By having the Overwrite option selected, it ensures the flattened table is always generated from the most recent state of the source table (the GA4 daily export table).

2. Create the Logs Router

We now have our scheduled query built, waiting to be triggered with the GA4 load job.

But that’s the end of the pipeline. We need to build everything else now.

The Logs Router looks for a log entry that is generated when a GA4 daily load job is complete. We use this as the trigger event for our entire pipeline setup.

This log entry is then shipped to a Pub/Sub topic, which starts the Cloud Function.

Now, head over to Logs Router and click the CREATE SINK button in the top to create a new router sink.

  1. Give the sink a name.
  2. Choose Google Cloud Pub/Sub topic as the destination.
  3. From the list of available Pub/Sub topics, click to create a new topic.
new pub/sub topic
  1. Give the topic and ID, and leave all the other settings as their defaults. Click CREATE TOPIC.In the Build inclusion filter, copy-paste the following code. Modify the dataset ID on line 3 to match the dataset ID of your GA4 export dataset.
  2. In the Build inclusion filter, copy-paste the following code. Modify the dataset ID on line 3 to match the dataset ID of your GA4 export dataset.
protoPayload.methodName="jobservice.jobcompleted"
protoPayload.authenticationInfo.principalEmail="firebase-measurement@system.gserviceaccount.com"
protoPayload.serviceData.jobCompletedEvent.job.jobConfiguration.load.destinationTable.datasetId="my_dataset"
protoPayload.serviceData.jobCompletedEvent.job.jobConfiguration.load.destinationTable.tableId=~"^events_\d+"			
  1. Click CREATE SINK once you’re done.

The inclusion filter looks for logs that have the method jobservice.jobcompleted and were specifically generated by the firebase-measurement@... service account. This is the account that performs all the Google Analytics 4 export jobs.

Here’s what the Logs Router should look like:

Just one thing remains! We need to build the Google Cloud Function that is subscribed to the Pub/Sub topic receiving these load job log entries.

3. Build the Google Cloud Function

Google Cloud Functions are serverless, well, functions that can be run on-demand in the cloud.
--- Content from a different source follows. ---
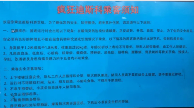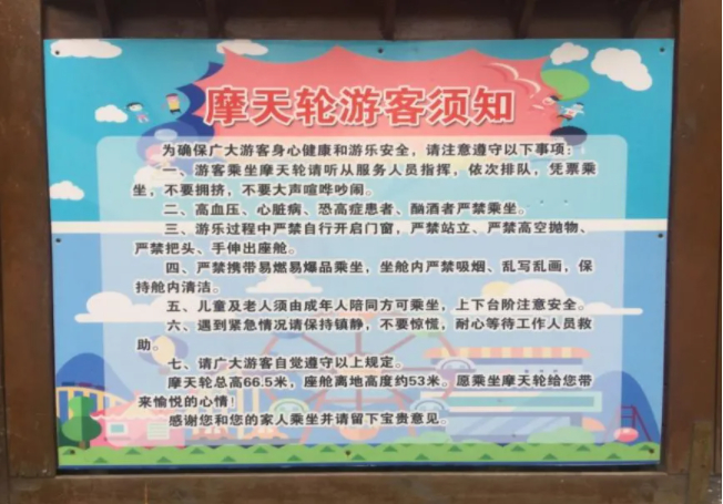 综上所述,只要大家在游玩的时候,合理选择适合自己和家人的大型游乐设施,按照“乘客须知”乘坐,那么游乐设施定会带来一场安全愉悦的奇妙之旅。(来源:济宁市场监管)

Their purpose is to perform small, low-intensity tasks at scale.

In this case, we want the Cloud Function to subscribe to the Pub/Sub topic we created above.

We then want it to parse the log entry for the destination table details, so that we can calibrate the run time of the scheduled query to match the date of the table that the GA4 daily job created (or updated).

So, head on over to Cloud Functions and click CREATE FUNCTION to get started.

  1. Keep environment as 1st gen.
  2. Give the function a descriptive name.
  3. Choose a region for the function – this can be anything you like but it would make sense to have the regions of your BigQuery datasets and related Google Cloud components be the same.
  4. Choose Cloud Pub/Sub as the trigger type.
  5. Select the Pub/Sub topic you created in the previous chapter as the trigger.
  6. Check the box Retry on failure (this retries the Cloud Function up to 7 days in case it fails in an error).
  7. Click SAVE to save the trigger settings.

This is what it should look like:

  1. Ignore the Runtime, build, connections and security settings accordion and click NEXT to continue.

In the next screen, we need to add the function code itself. This is what gets executed when the function is run.

  1. Keep Node.js as the runtime (choose the latest non-Preview version).
  2. Click package.json to edit its contents.
  3. Add the following line in the “dependencies” property:

 "@google-cloud/bigquery-data-transfer": "^3.1.3"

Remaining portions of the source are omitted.